Yes, with your parent's permission. Many providers welcome family participation, especially if the patient has cognitive impairment or difficulty managing the technology. You can sit with your parent during the visit or join from your own device if the platform supports it. Ask the doctor's office about their policy.

What if my parent has dementia? Should they still do telemedicine?
It depends on the stage. For people with mild cognitive impairment, telemedicine with family assistance can work well. For moderate to advanced dementia, in-person visits are generally better because the doctor needs to observe the patient directly and the patient may not be able to engage with a screen. Discuss with the provider which format serves your parent best.
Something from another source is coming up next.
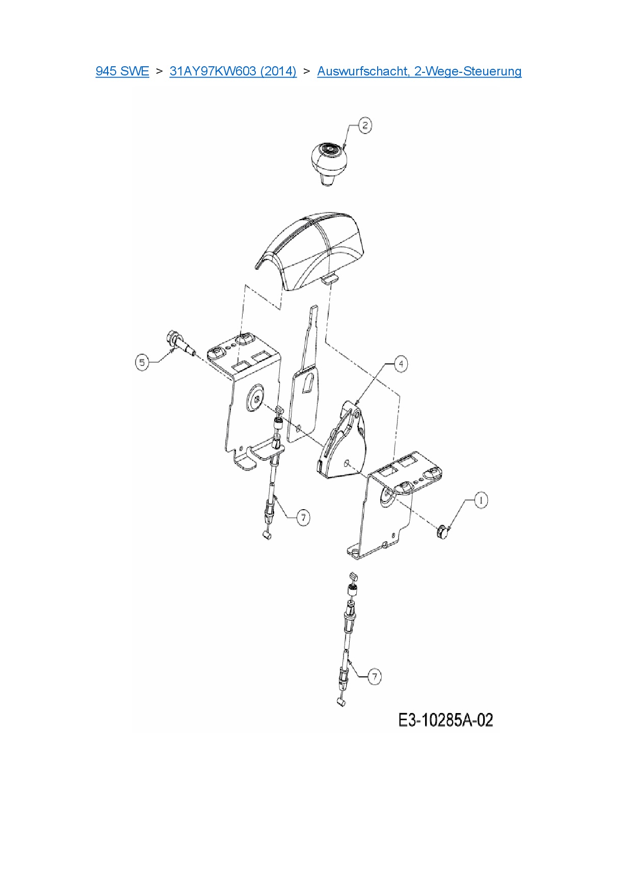 Download Ersatzteil-Zeichnung Cub Cadet 945 SWE Zeichnung Auswurfschacht, 2-Wege-Steuerung (2) (PDF-Format)

How do I know if a specific appointment should be in person versus telemedicine?
Ask the doctor's office. If the visit involves a physical exam, new or worsening symptoms, or a procedure, it should be in person. If the visit is a routine check-in, medication review, or results discussion, telemedicine is usually fine. When in doubt, request in person. It is never wrong to be seen.

What if my parent does not have internet access or a suitable device?
Some telehealth visits can be done by phone (audio only) rather than video. CMS allows audio-only telehealth for certain services. Your local Area Agency on Aging or library may offer technology assistance programs. Some healthcare systems lend tablets to patients who need them for telehealth visits.